Weed Heroes: The War on the Invader Cogongrass
By DAN BARRY
Published: September 20, 2009
MONTGOMERY, Ala.
The State of Alabama has just dedicated $6 million in federal stimulus money to
combat a certain invasive weed, and the two men chosen to lead this ground war
can already hear you laughing. Millions of dollars to kill some weeds? Sounds
like another good-old-boy boondoggle. Heh-heh-heh.
But we’re not talking dandelions here. This weed is the killer weed, the
nearly indestructible weed, The Weed From Another Continent " a weed that
evokes those old science-fiction movies in which clueless citizens ignore
reports of an alien invasion, leaving the heroes to rail in frustration:
The fools! Don’t they understand? This is cogongrass!
Two weeks ago, our two heroes began operating the Alabama Cogongrass Control
Center out of the drabbest office in the drab Alabama Forestry Commission
building, here in Montgomery. The small room is so spare, with its empty
bookshelves and bare wood-paneled walls, that it seems to exist in black and
white, save for a large, color-coded map of Alabama on a table.
Dozens of tiny green bubbles dot the map, particularly throughout the bottom
third of the state. Each one represents a GPS-identified location of the enemy:
cogongrass (Imperata cylindrica), also known as the Perfect Weed, and considered
one of the 10 worst weeds in the world.
It can take over fields and forests, ruining crops, destroying native plants,
upsetting the ecosystem. It is very difficult to kill. It burns extremely hot.
And its serrated leaves and grainy composition mean that animals with even the
most indiscriminate palates " goats, for example " say no thanks.
“Southwest Alabama is just solid with it,” says Ernest Lovett, the project
coordinator, as he studies his map. Soon he will be dispatching advance teams
across this field of engagement to spray herbicides that are best known by their
aggressive commercial names, Arsenal and Roundup.
Mr. Lovett, 61, is a big, white-haired man who is proud to say he was born in a
back bedroom of the family home in an Arkansas place called Needmore.

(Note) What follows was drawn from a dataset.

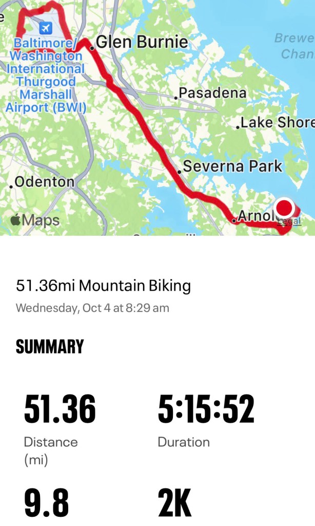 After this point, for me, it was just a matter of retracing my route and adding a couple extra loops in my neighborhood to break the 50-mile mark. Next goal: 100 miles. Maybe I’ll just take this journey twice – or perhaps follow the Lifeline 100 route, which utilizes the Anne Arundel County Trails as well.

After
retiring from a long career in forestry, he joined Larson & McGowin, a land
management company in Mobile that won the bid to halt cogongrass’s advancement
in Alabama.
“I wanted one more war project before I quit,” says Mr. Lovett, who served
two years in the Army and another 23 in the Reserves.
On the map before him, the top two-thirds of the state " everything north of
U.S. Highway 80 " is shaded red. Mr. Lovett explains why:
“The overall strategy: to attack. To draw a line using Highway 80 and
eradicate north of it. Then, in phases, try to control it south. There will be a
lot of parallel attacks.”
His project partner, Stephen Pecot, 38, listens, grim-faced. A forester as well,
he is the team’s bearded academic and communications director, someone who
spent a decade researching the longleaf pines of southern Georgia. He may be
more liberal in his politics than Mr. Lovett, but he is no dove when it comes to
cogongrass.
Left unchecked, he says, “It could spread all the way to Michigan.”
The story of cogongrass follows the familiar science-fiction theme of humankind
reaping what it has sown, through arrogance, stupidity or some other frailty.
Conduct nuclear testing, say hello to mutants. Be careless with nonnative
species, say hello to cogongrass.
It is believed that in the winter of 1911-12, shipments of satsuma orange
rootstocks from Japan arrived in Grand Bay, about 25 miles south of Mobile. And
what was being used as packing material for these shipments? Cogongrass, of
course.
For a while, government officials encouraged the use of cogongrass as a forage
crop and as a way to stem soil erosion. These efforts failed, a state document
says, and “the plant unfortunately was allowed to escape” " across
southern Alabama, into Florida, Mississippi, and beyond.
Now, come springtime, you can see its white feathery tufts, surrendering seeds
to the wind. Come summer, the yellow-green blades can rise six feet high. Then,
during winter, the grass turns brown but often remains erect, as if in defiance.